I would also recommend steering clear of unencrypted or WEP based WiFi networks (i.e. an open or WEP network) as another method criminals can use is to sit in a coffee shop with free unencrypted WiFi and run a ‘sniffer’ which scans the network and can be used to capture your information after it leaves your device on its way to the legitimate coffee shop internet connection. For WEP networks the data is encrypted but it is easy to crack with minimal software and knowledge leaving you just as vulnerable as if you were using a network with no encryption.

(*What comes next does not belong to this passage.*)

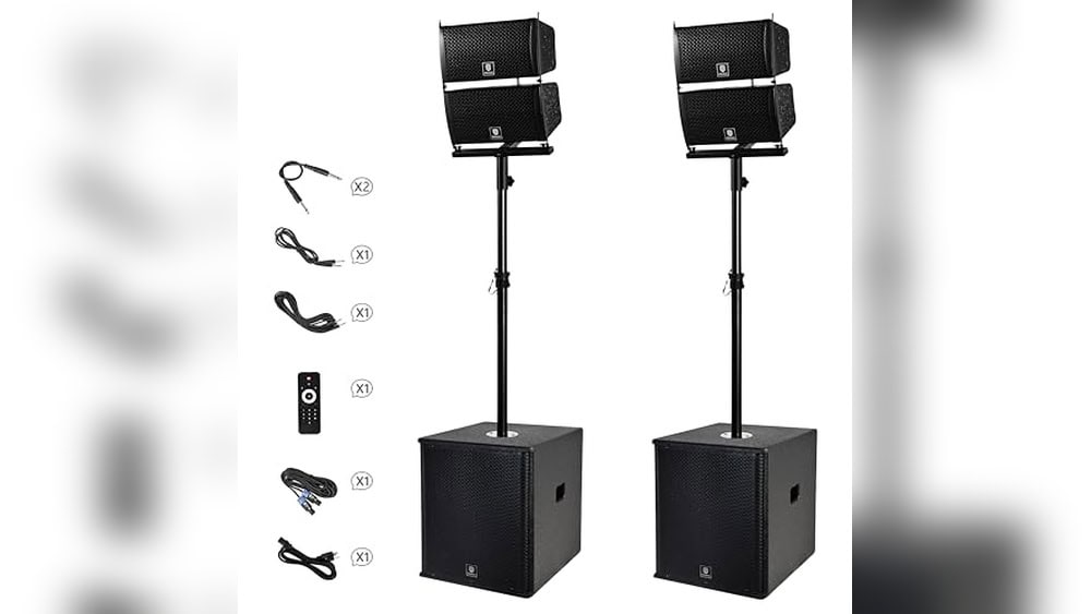 • Complete Combo Set – Includes 4 line array speakers, 2×15-inch subwoofers, remote control, and cables, saving you from purchasing components separately.

Also, with regard to your home WiFi, if you are attempting your own configuration, only use WPA2. If you use WEP its very easy to obtain your password. For instance, as I touched on previously, the attacker can imitate your WiFi router and force your workstation to re-authenticate, when your workstation then goes through the authentication process again they will capture your password. You will be completely oblivious to this as it just looks like any other hiccup where your WiFi signal drops and comes back a moment later.
Most of us have at some point used a physical external storage device, these come in a few different guises but the most common is a USB stick. One thing they all have in common is they plug into your computer and store your data but they can also store malicious code.
Now I’m not about to tell you to stop using these but rather to be careful, only use a device that you yourself have bought and have kept safe, don’t borrow or use anyone else’s storage device and don’t lend yours out. One problem is that many computers will automatically initialise USB devices and that’s all that is required for the malicious code to transfer to your computer.
Find a storage device that incorporates encryption software, they are not hard to find and will protect your data with a password. This will ensure that in the event of loss or theft your data cannot be viewed or manipulated in any way without your password. Remember, the same strong password advice stands and don’t write it down on the case of the device!
There is a lot of software out there that does a good job of protecting your computer and data, I won’t mention any names here but I have my favourites. There are free programs out there although they are a little limited in some areas. I would recommend paying a small fee for one of the more comprehensive packages, when I say pay I don’t mean through the nose, they are available for less than the cost of a Valentines meal (usually for a 1-year subscription) and will love your data!
For businesses I would recommend taking on a managed service as this removes any guess-work on your part and your provider can advise and configure a bespoke, tailored solution. Also, businesses may well have a responsibility regarding the data they keep, the new General Data Protection Regulation (GDPR) asks that customer data is secured in several different ways. Non-compliance can mean hefty fines or worse.
I think I have covered the basics and I don’t want to bore anyone any further! I’ll write some more articles with some deeper technical recommendations and explanations for those of you who are interested in the more advanced options. Watch this space.